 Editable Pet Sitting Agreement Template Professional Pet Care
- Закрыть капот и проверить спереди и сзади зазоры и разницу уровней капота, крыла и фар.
********************
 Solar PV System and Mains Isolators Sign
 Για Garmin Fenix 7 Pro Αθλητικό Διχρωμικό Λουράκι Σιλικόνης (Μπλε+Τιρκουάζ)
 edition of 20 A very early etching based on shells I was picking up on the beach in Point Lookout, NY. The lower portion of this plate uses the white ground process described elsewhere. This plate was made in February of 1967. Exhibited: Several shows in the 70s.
********************
The lines above starting at the one that contains "Για Garmin Fenix" and ending at the one that contains "edition of 20" must be transcribed exactly, and no other lines may appear.

## Solution to the problem
 Για Garmin Fenix 7 Pro Αθλητικό Διχρωμικό Λουράκι Σιλικόνης (Μπλε+Τιρκουάζ)
 edition of 20 A very early etching based on shells I was picking up on the beach in Point Lookout, NY. The lower portion of this plate uses the white ground process described elsewhere. This plate was made in February of 1967. Exhibited: Several shows in the 70s.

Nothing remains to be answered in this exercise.